Tuesday 18 March 2008

Lecture Review Week 8

Database --- This week's lecture continued from the lecture in week 6 - domain calculus. It's quite like tuple calculus, but this deals with the columns. It takes the form of

{ <> | 3y relation(x,y)}

All variables in <> are free variables. All others are not, and they need to be quantified by an existential or universal quantifier.


Business Law --- This week is on Product Liability. It's sort of an extension of tort of negligence and and sales of goods. You will have to proof the 4 essences of negligence. There are two ways for the remedies for this. First is under negligence, the second is under a breach of contract.


Business Correspondence --- This was a fun lecture, the first for oral presentation. There are five steps in the oral presentation process. This lecture concentrated on the first three.

First, is to analyze the audience and prepare the presentation in accordance to the audience you have. Try to give the presentation in a way that will benefit the audience and things that they will be interested in. The venue and time of the presentation is also important to take into account.

Second, apply ABC. Analyze the topic, Brainstorm content ideas, Choose your information. While brainstorming, don't judge the ideas that come up, jot everything down.

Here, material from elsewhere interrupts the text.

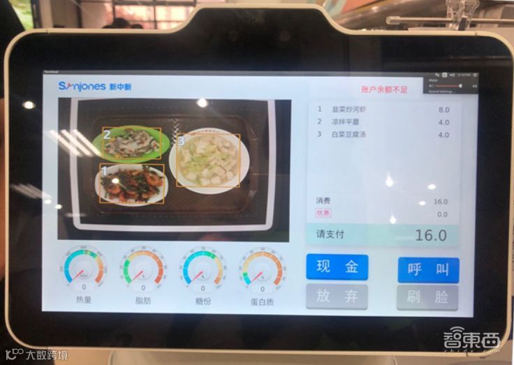 智东西打了韭菜炒河虾、凉拌平蘑和白菜豆腐汤三个菜,将餐盘放到机器人托盘上后,机器收银员在2秒钟左右就立马识别出菜品,同时要求支付16元,整个过程一气呵成。

Third, draft your speech. The introduction must be captivating and motivating. Get the audience attention right from the start. Use transitional phrases to order the points, have mini-summaries to stress the main points, and double mini-summaries to do transitions between speakers. Conclusion is to summarize the whole presentation. Use the same phrasing as it was used in the blueprint during introduction. Any pamphlet you wish to hand out should be done at the end of the conclusion so as not to distract the audience by letting them read the pamphlet during your presentation.


Artificial Intelligence --- One hour test which I mostly couldn't do, just as I expected. After which a short lecture to wrap up first-order logics.


Software Engineering --- It's the first lecture by the second lecturer. This week focus was on defensive programming, which simply means maintaining the constraints that you have set up during the design phase. Things like 1-1, 1-*, 0..1-*, should be enforced during the coding. It's quite intuitive to know which part of the program to start working from.